■ PROBLEM
Look below for the line with "- Historische Person: Quintus"; begin the copy there and stop after the line with "- A marriage", keeping the text exact and the pictures out.

(Data excerpts)
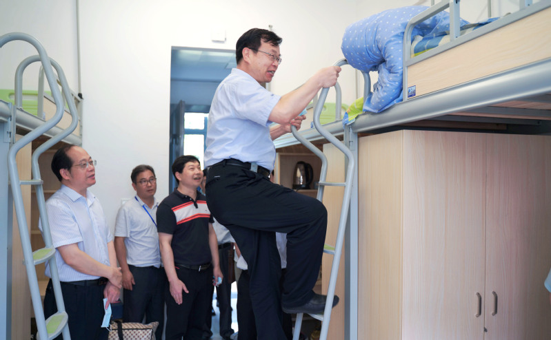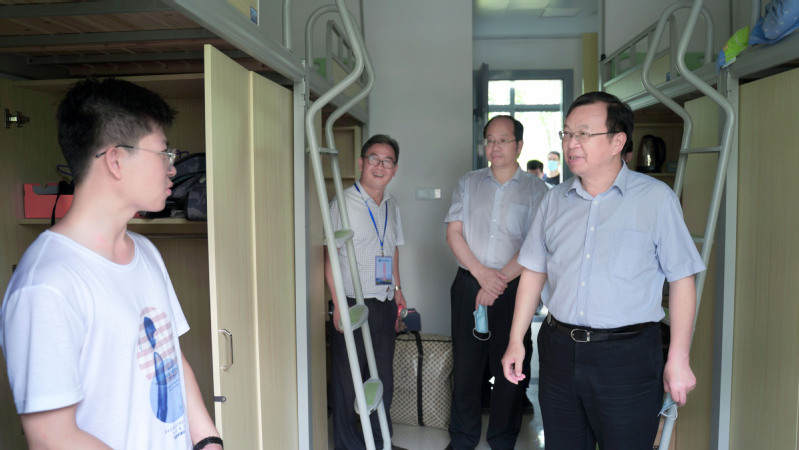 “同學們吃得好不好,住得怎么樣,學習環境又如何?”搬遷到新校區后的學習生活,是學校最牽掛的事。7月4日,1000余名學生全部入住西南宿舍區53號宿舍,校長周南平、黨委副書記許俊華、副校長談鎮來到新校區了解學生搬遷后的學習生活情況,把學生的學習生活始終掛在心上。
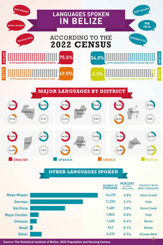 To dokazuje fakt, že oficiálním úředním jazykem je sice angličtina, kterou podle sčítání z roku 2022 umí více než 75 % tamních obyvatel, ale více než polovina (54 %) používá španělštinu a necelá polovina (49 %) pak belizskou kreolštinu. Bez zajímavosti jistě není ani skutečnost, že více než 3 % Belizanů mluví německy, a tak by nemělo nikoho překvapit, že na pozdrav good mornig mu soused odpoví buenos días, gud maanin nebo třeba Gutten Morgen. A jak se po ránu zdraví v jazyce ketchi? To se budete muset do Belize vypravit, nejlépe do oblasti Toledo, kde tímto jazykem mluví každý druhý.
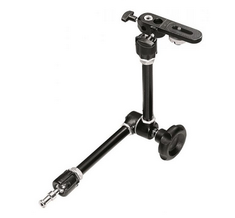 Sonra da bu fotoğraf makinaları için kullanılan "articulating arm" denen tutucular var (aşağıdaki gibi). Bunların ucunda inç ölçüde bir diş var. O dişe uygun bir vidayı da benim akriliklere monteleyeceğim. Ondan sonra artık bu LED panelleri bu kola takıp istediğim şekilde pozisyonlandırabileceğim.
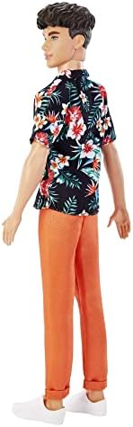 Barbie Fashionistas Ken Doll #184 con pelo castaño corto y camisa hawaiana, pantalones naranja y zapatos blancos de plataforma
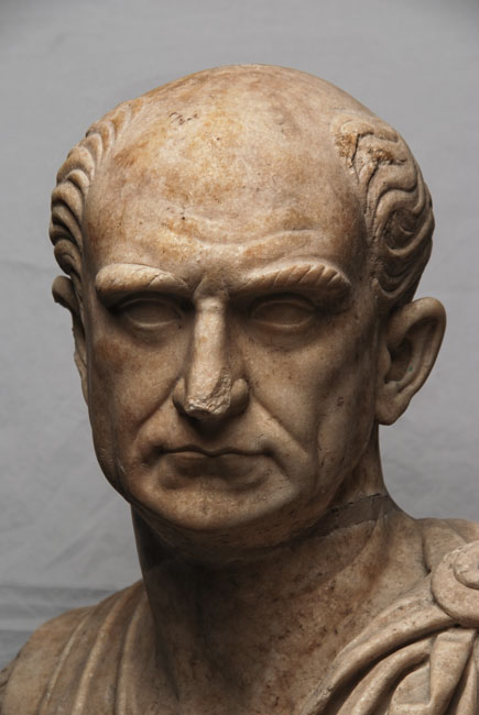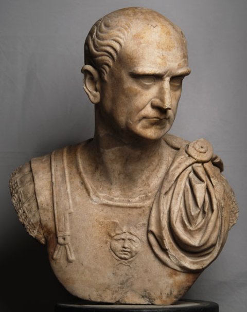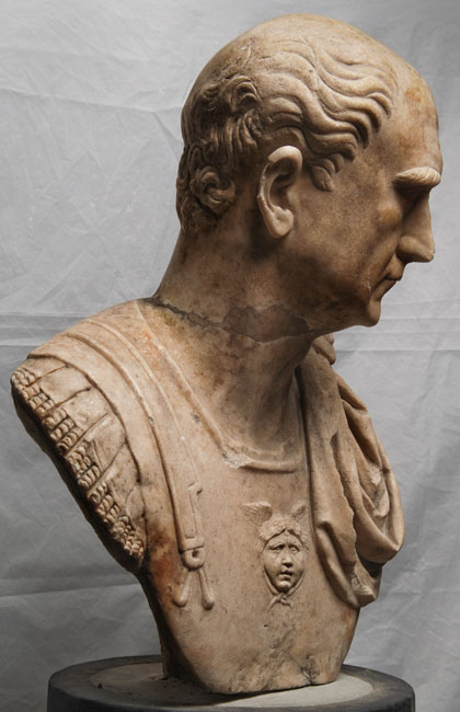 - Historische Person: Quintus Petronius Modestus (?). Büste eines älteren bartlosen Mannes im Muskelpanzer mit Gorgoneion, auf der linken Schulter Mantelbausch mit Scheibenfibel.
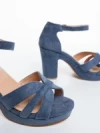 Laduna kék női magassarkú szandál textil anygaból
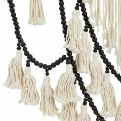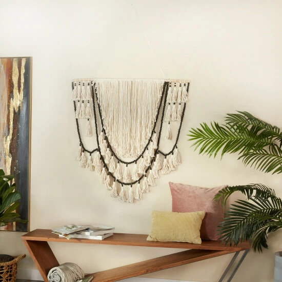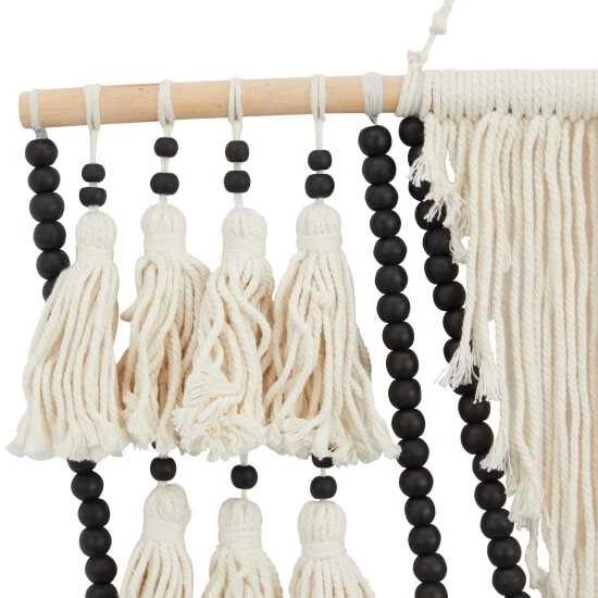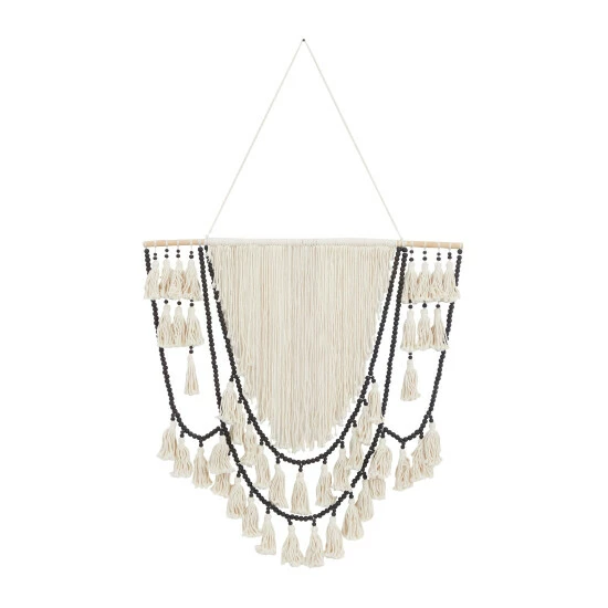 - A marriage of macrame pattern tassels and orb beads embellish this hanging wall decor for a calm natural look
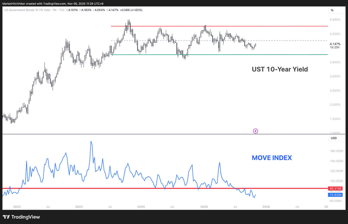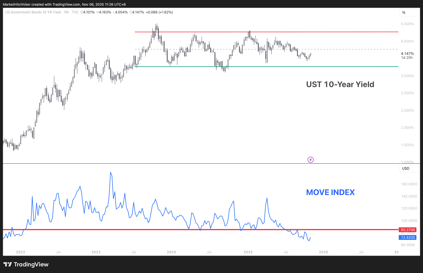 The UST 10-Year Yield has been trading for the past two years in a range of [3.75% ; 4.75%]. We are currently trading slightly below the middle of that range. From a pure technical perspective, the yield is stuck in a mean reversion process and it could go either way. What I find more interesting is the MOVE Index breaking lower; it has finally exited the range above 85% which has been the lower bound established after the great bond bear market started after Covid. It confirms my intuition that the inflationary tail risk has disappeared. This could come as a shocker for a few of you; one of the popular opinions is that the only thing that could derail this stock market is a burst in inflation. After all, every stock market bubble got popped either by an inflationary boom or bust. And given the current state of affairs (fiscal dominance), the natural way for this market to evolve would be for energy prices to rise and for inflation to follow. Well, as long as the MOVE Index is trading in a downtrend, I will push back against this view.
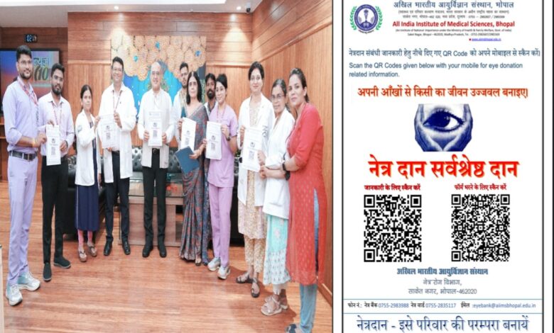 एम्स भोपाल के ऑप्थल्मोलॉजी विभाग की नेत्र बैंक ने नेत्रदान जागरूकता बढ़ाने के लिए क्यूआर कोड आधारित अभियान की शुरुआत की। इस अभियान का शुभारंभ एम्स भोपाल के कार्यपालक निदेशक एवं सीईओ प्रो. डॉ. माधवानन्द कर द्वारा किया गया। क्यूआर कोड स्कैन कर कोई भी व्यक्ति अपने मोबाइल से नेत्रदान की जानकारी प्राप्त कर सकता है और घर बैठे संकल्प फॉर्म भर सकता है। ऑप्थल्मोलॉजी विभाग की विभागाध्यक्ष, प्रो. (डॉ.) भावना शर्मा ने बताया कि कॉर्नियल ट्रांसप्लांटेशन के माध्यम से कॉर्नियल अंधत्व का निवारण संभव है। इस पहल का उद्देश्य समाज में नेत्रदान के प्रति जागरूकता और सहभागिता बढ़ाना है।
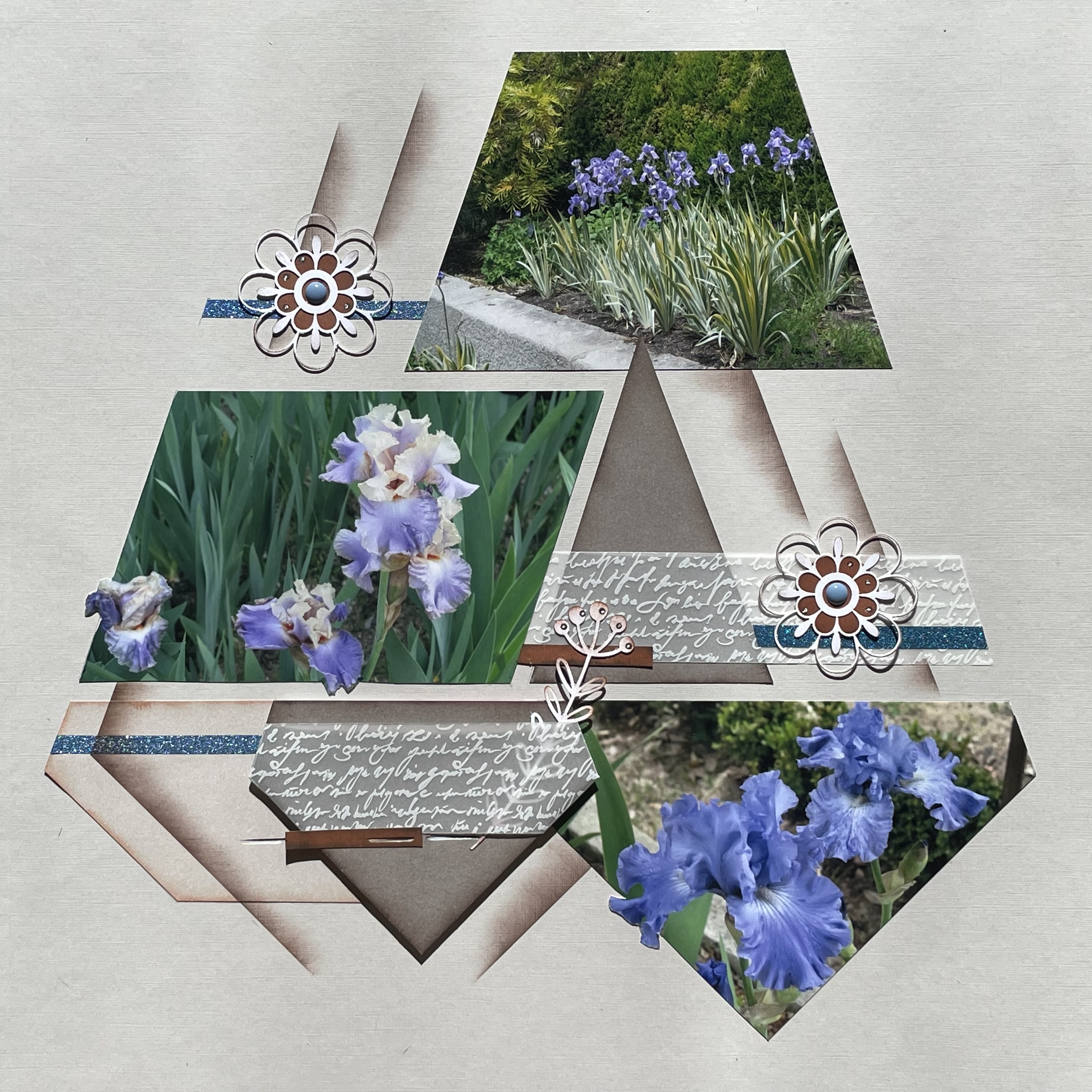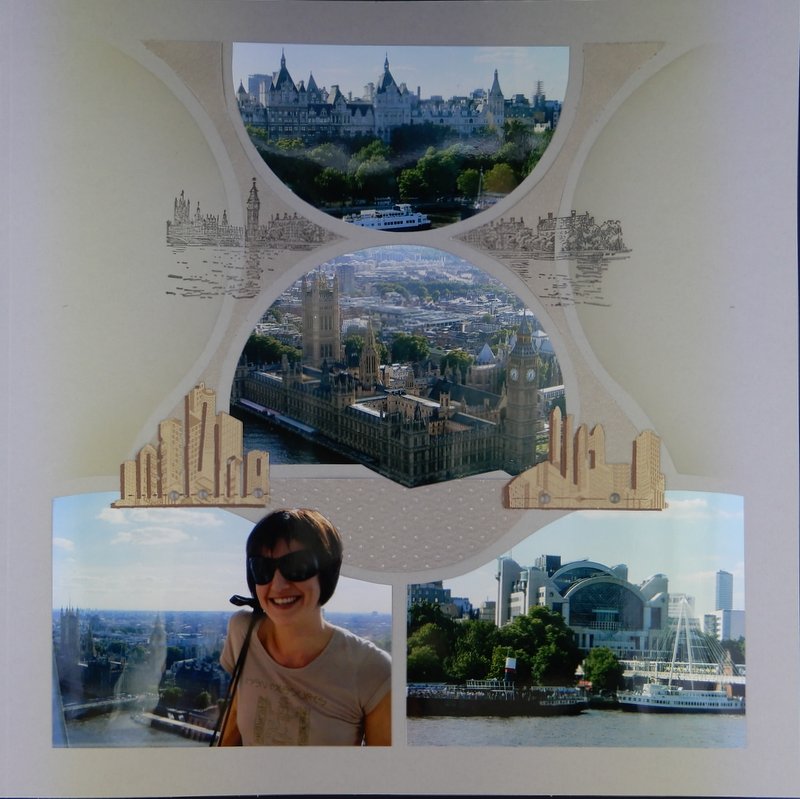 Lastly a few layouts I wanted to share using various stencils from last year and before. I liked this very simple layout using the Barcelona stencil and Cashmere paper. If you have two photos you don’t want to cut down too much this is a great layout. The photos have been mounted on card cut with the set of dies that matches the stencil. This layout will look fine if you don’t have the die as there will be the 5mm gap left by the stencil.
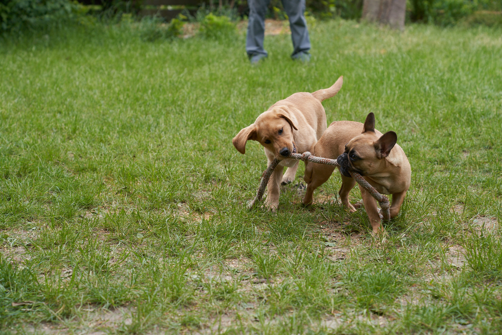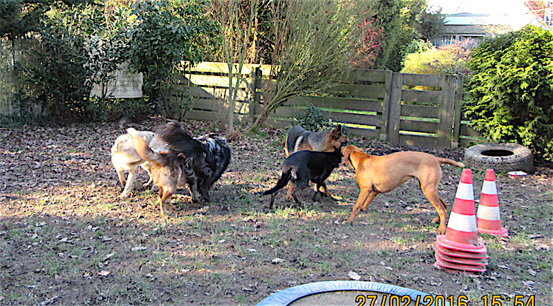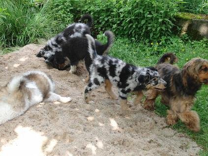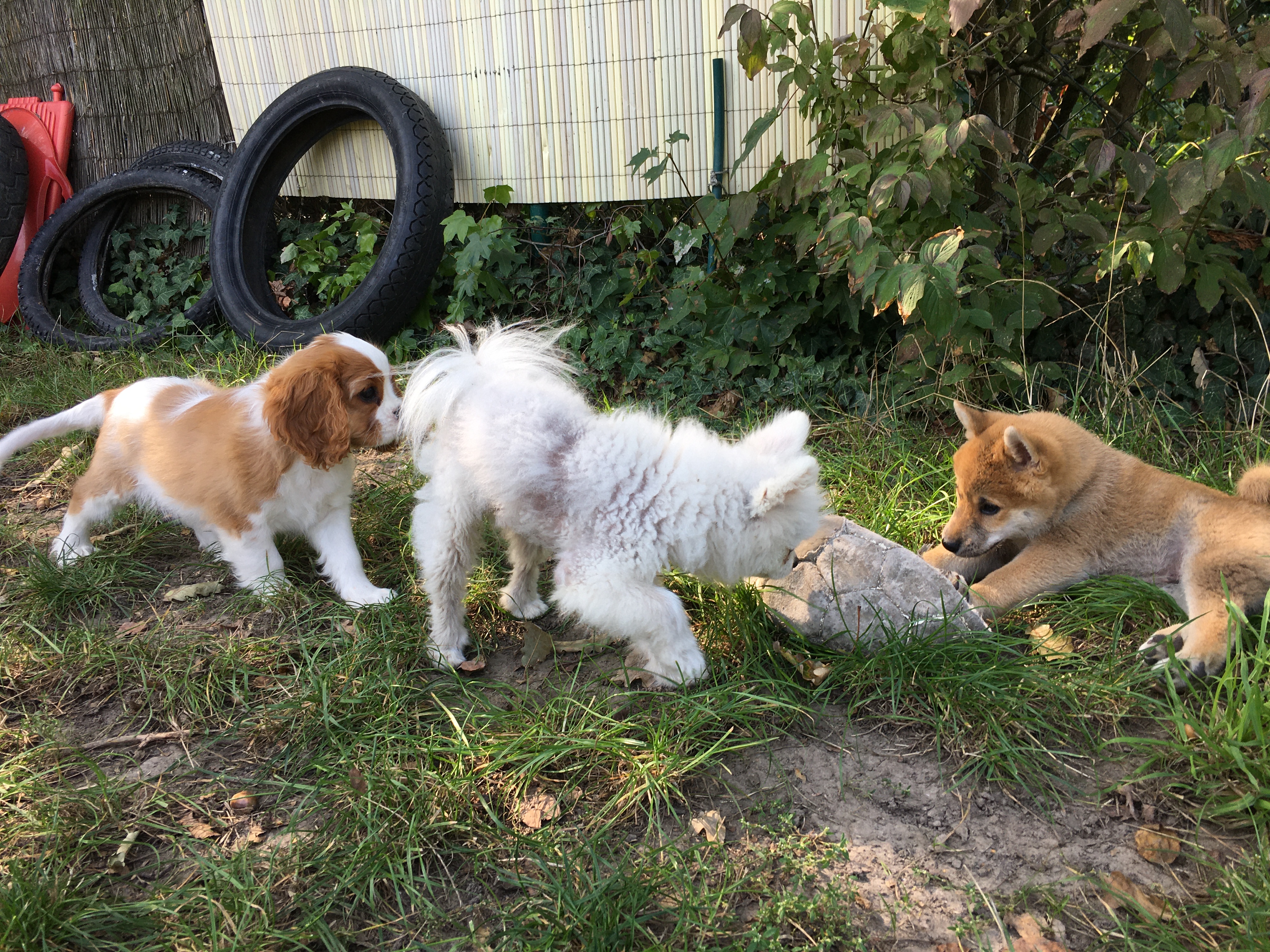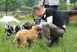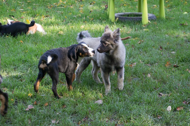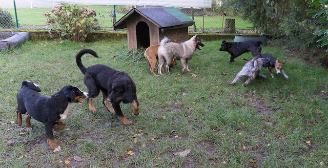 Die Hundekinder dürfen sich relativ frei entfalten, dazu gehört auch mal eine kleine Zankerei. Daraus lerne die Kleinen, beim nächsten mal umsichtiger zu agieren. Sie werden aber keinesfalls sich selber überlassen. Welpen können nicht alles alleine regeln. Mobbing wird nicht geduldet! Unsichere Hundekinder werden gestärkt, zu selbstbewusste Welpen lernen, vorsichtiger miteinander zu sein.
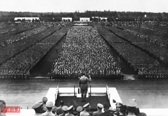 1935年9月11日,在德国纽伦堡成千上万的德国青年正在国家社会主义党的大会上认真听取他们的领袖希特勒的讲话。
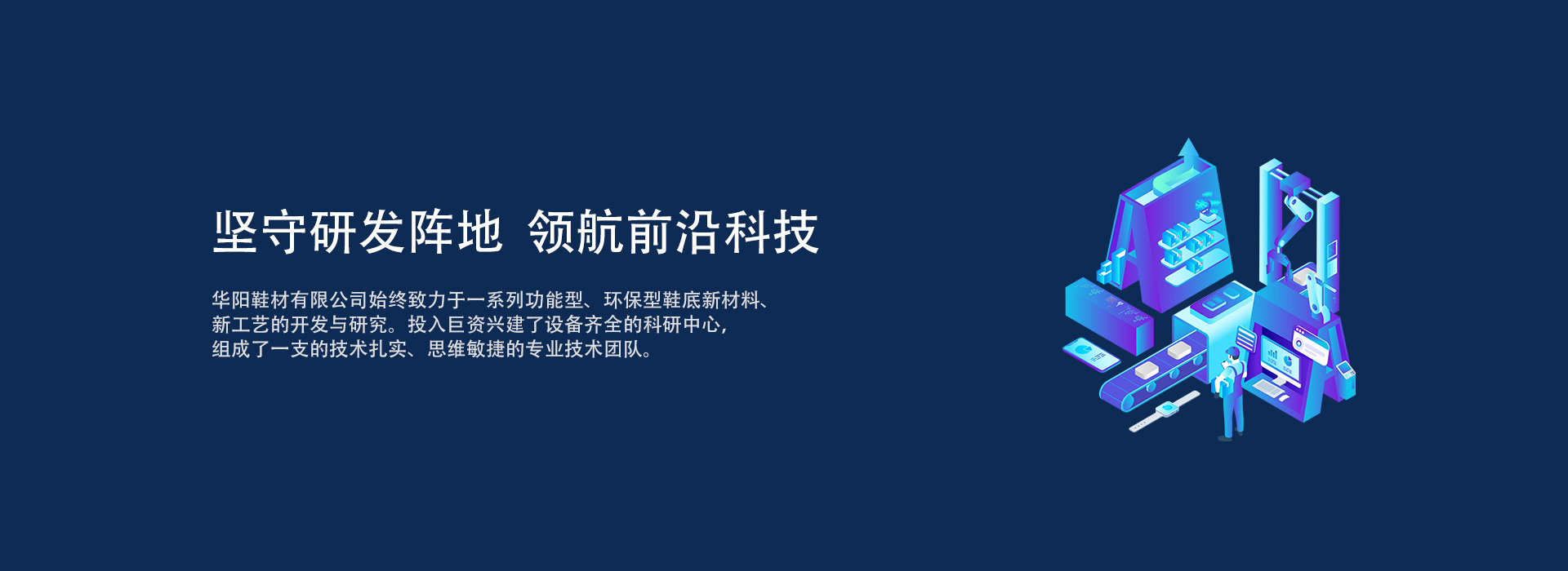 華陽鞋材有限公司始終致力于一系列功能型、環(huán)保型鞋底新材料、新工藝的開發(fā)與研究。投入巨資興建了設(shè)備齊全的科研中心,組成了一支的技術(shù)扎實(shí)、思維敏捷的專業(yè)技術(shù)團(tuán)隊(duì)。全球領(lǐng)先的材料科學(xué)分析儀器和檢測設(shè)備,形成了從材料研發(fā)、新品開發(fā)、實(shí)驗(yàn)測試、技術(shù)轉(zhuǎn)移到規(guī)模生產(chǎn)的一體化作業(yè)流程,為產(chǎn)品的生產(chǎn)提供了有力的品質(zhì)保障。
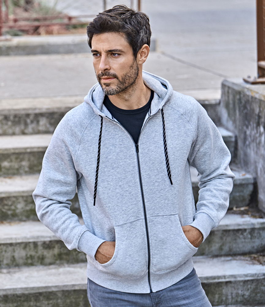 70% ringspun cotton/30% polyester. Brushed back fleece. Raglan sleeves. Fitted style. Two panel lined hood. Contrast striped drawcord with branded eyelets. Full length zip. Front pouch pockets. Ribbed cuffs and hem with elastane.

■ ANSWER FOR THIS EXERCISE
 - Historische Person: Quintus Petronius Modestus (?). Büste eines älteren bartlosen Mannes im Muskelpanzer mit Gorgoneion, auf der linken Schulter Mantelbausch mit Scheibenfibel.
 Laduna kék női magassarkú szandál textil anygaból
 - A marriage of macrame pattern tassels and orb beads embellish this hanging wall decor for a calm natural look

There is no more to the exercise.